Plaintiff claims' that he was an employe of defendant and was injured *164through defendant’s negligence in the wash shanty where he changed his clothes to go into the mines. The negligence consisted of furnishing plaintiff with a bench which collapsed and fell, injuring him seriously. In its affidavit of defense raising questions of law, defendant contends that plaintiff was an employe of defendant and his sole remedy is under The Workmen’s Compensation Act.

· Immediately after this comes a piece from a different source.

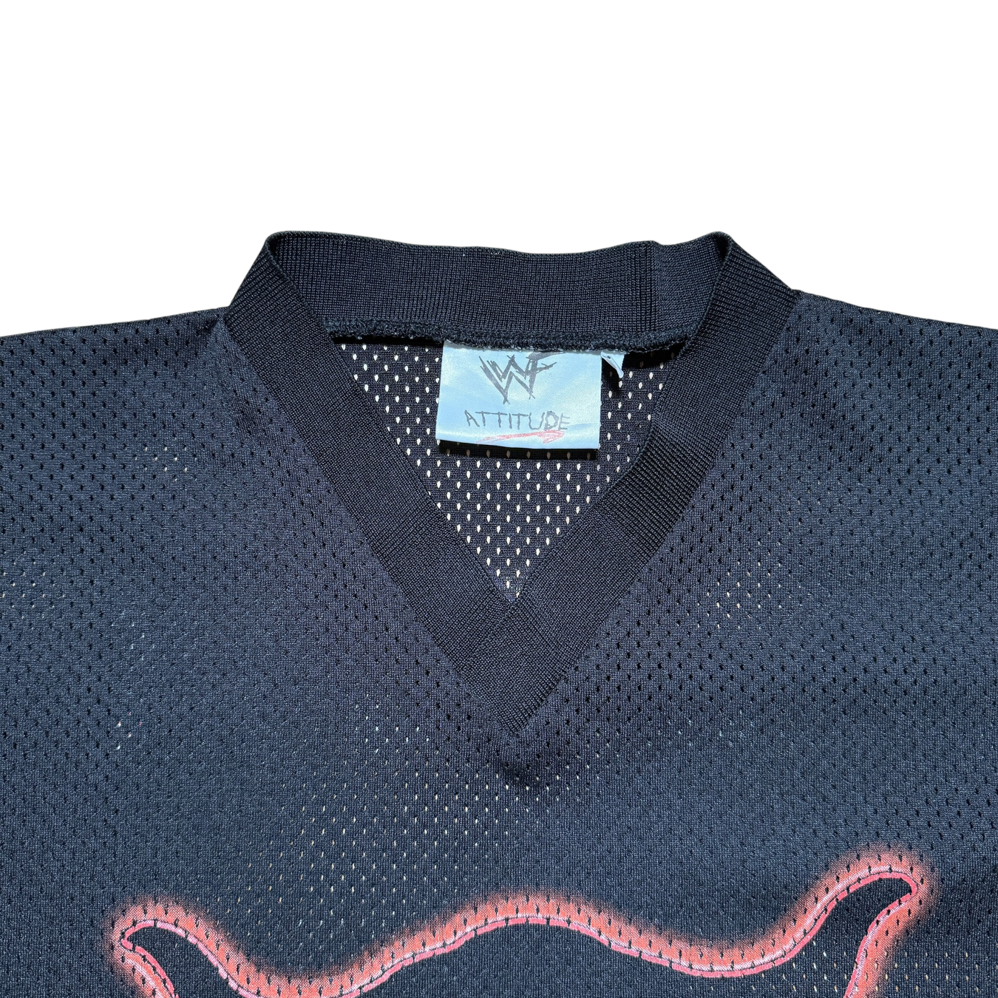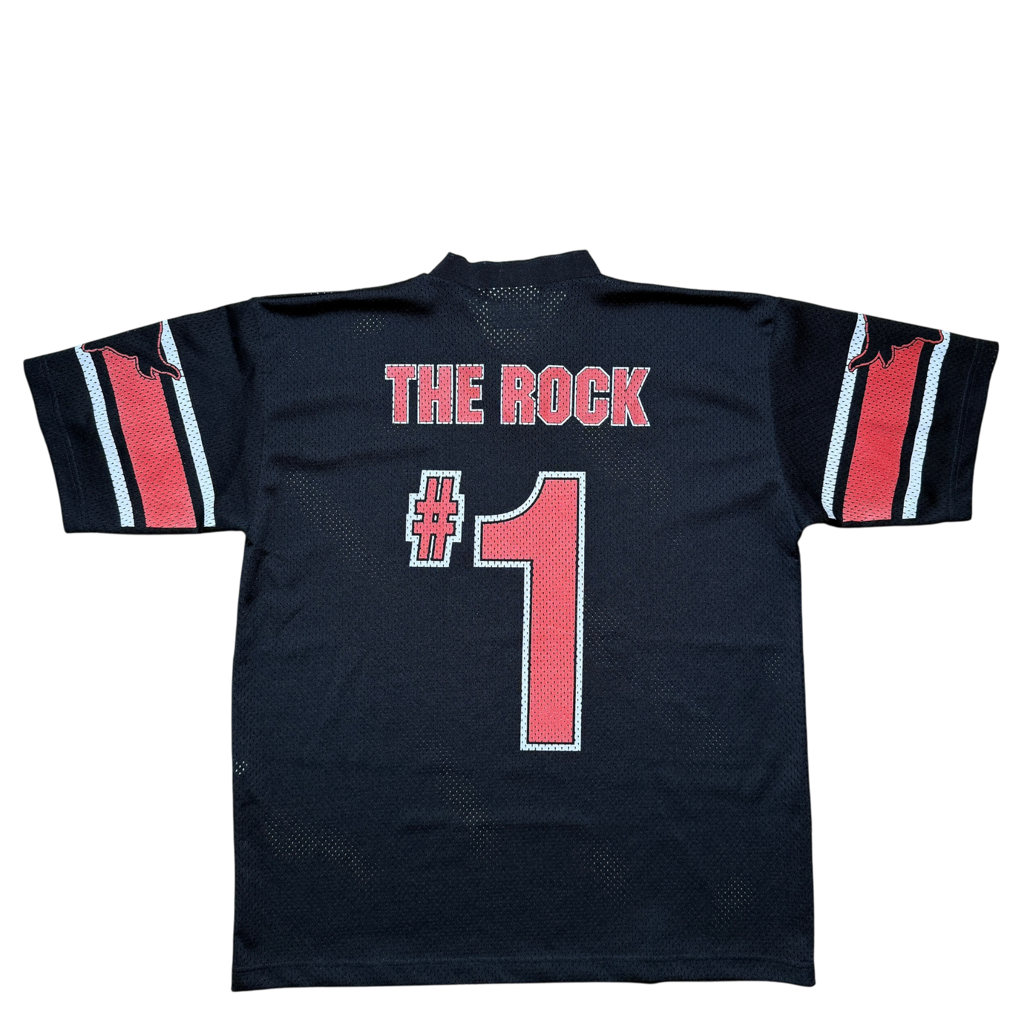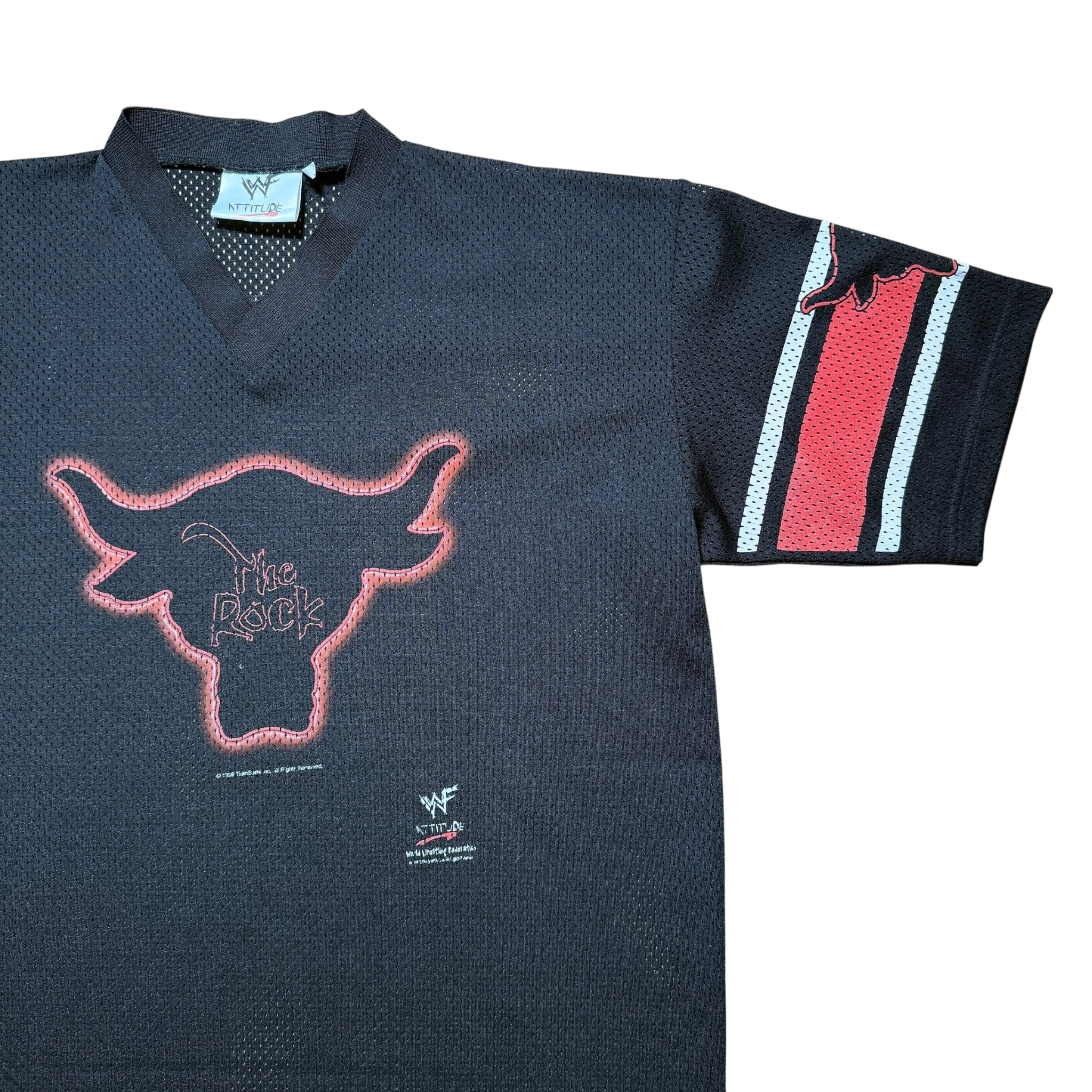 Black WWE mesh jersey from 1999 celebrating wrestling icon The Rock, famous for his signature phrase “Can you smell what The Rock is cooking?”. Features the iconic Brahma Bull graphic on the front and bold “The Rock #1” lettering on the back. WWF Attitude Era tag. Size XL, fits XL.

If this were an injury compensable under The Workmen’s Compensation Act defendant would prevail. However, when plaintiff was in the washroom and was fixing his clothes he was not on the employer’s premises and was not furthering the interests of his employer. He was a mere licensee and not an employe of the company in doing that act: Leacock v. Susquehanna Collieries Co., 98 Pa. Superior Ct. 581; Kerwin v. Susquehanna Collieries Co., 112 Pa. Superior Ct. 594; Houlehan et al. v. Pullman Co., 280 Pa. 402. The fact that there is a relationship of employer and employe between two persons does not mean that every dispute between them must be tried under The Workmen’s Compensation Act. In Billo v. Allegheny Steel Co., 328 Pa. 97, an employe recovered in trespass for an occupational disease.
Plaintiff’s statement sets forth the case in trespass for negligence of the employer when plaintiff was a licensee. Defendant’s alleged negligence must be proved by plaintiff and he is open to the defense of contributory negligence. It is a question for the jury.
Now, January 19, 1944, affidavit of defense raising questions of law is decided in favor of plaintiff and defendant is permitted to file its affidavit of defense within 15 days.